Hi forum,
I have got a question, but should be a piece of cake.
I just want to confirm with someone how do I block search engines (all of them) from a testing subdomain?
Lets say my domain is mydomain.com
My subdomain is test.mydomain.com
So, in my robots.txt file…
Should it be like this:
Agent: *
Disallow:/test/
Is the above the right htaccess command and should this be placed in the main public_html folder?

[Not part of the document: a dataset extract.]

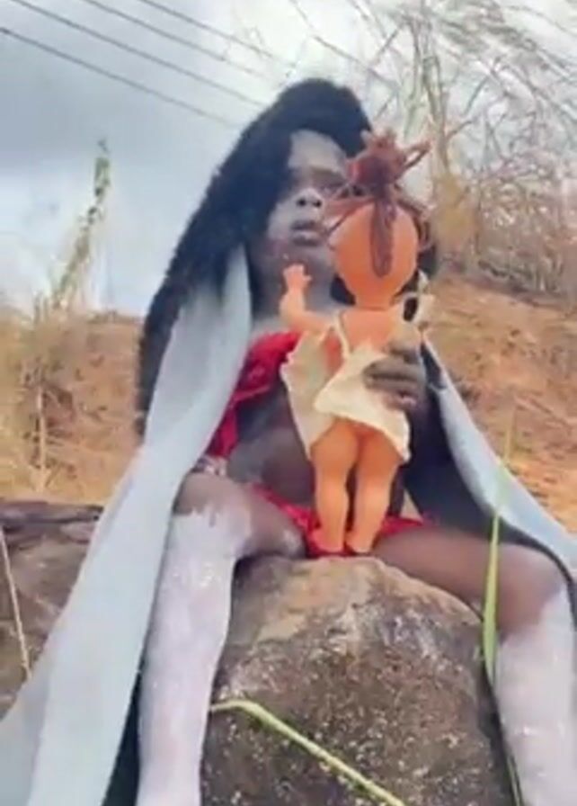 A person with a dark complexion and face paint, wearing a red top and bottom, a black hair covering, and a light grey shawl, is holding a doll. The person is sitting on a rock in an outdoor, hilly environment. They are wearing white shoes and white leg coverings. The background includes dry grass, some green plants, and overhead power lines. The person appears to be looking around while holding the doll close.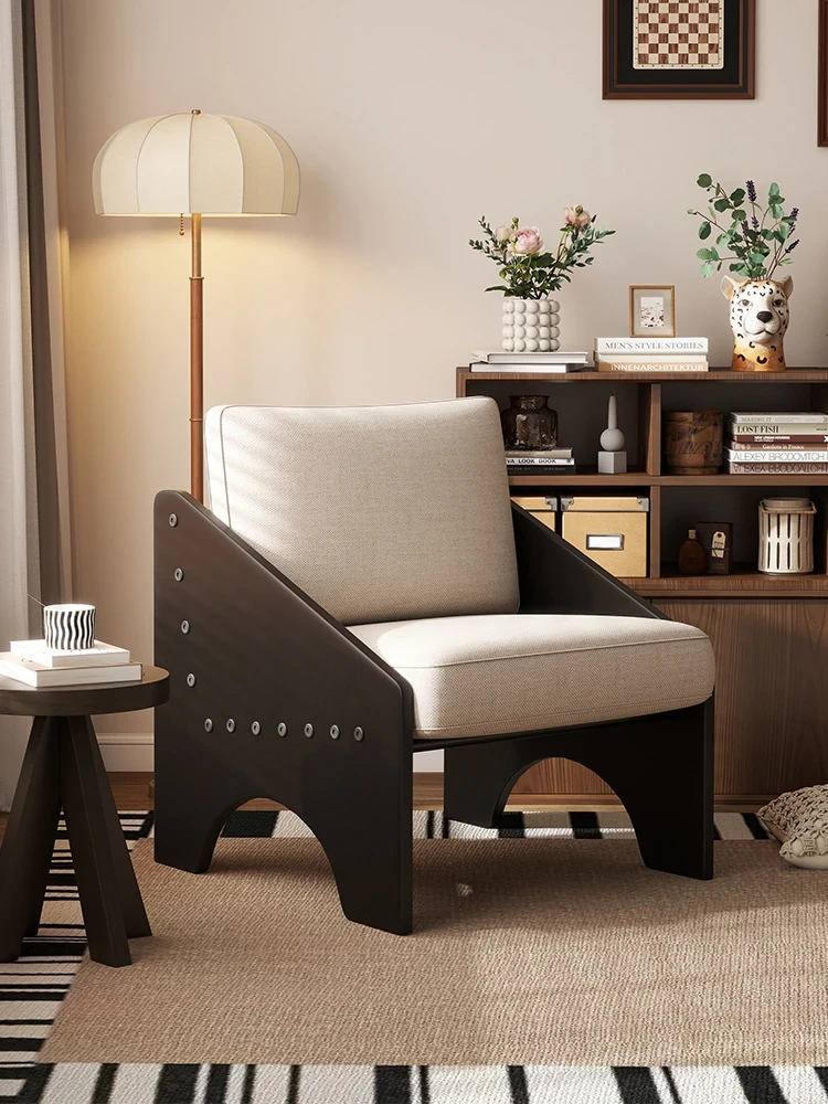 Vintage-Inspired Single Sofa Chair for Living Room & Balcony – Solid Wood Retro Design by Designer, Stylish Lounge Chair for Bedroom & Small Spaces

My subdomain redirects to a subdomain not a subdirectory…it redirects to http://test.mydomain.com
Thanks for any clarifications
Yes, your subdomain points to a folder in the main sites document_root folder.
public_html/test/
So, in your public_html folder create a robots.txt to include
User-agent: *
Disallow: /test/
Or, to specifically disallow a particular agent :
User-Agent: Googlebot
Disallow: /test/
Here is a good reference on robots.txt that you can bookmark.
aaronjj
November 25, 2007, 4:45pm
3
Each subdomain should have it’s own robots.txt file in it’s own root directory. To block an entire subdomain you would use
User-Agent: *
Disallow: /
No htaccess involved. Just a plain-text file named robots.txt
Thanks!
I wonder why I was away for so long…you Sitepoint guys are so helpful
akritic
November 25, 2007, 7:31pm
5
Welcome to Sitepoint Datalife Thanks for posting this thread, I learned something from it too. I should probably do the same for my multiple subdomains on my sites - though I’ve never bothered to create a robots.txt file as the instructions on google didn’t appear very clear to me - perhaps a second look is in order.
See my post above, and check out the link. It is about the clearest set of instructions on robots.txt files that I have found.
aaronjj
November 25, 2007, 8:25pm
7
Welcome to Sitepoint Datalife Thanks for posting this thread, I learned something from it too. I should probably do the same for my multiple subdomains on my sites - though I’ve never bothered to create a robots.txt file as the instructions on google didn’t appear very clear to me - perhaps a second look is in order.
IMO there’s no need for a robots.txt if you don’t want to block anything. A lot of people throw up empty ones so they don’t get a bunch of 404s in their logs.
aaronjj
November 25, 2007, 8:29pm
8
Your post is inaccurate. You can’t block access crawling of a subdomain by putting instructions in a robots.txt file in the top domain’s root.
akritic
November 25, 2007, 9:06pm
9
Ah! Missed that on first glance… thanks, it should take some of the stress out of creating one -at first glance it looks very straightforward.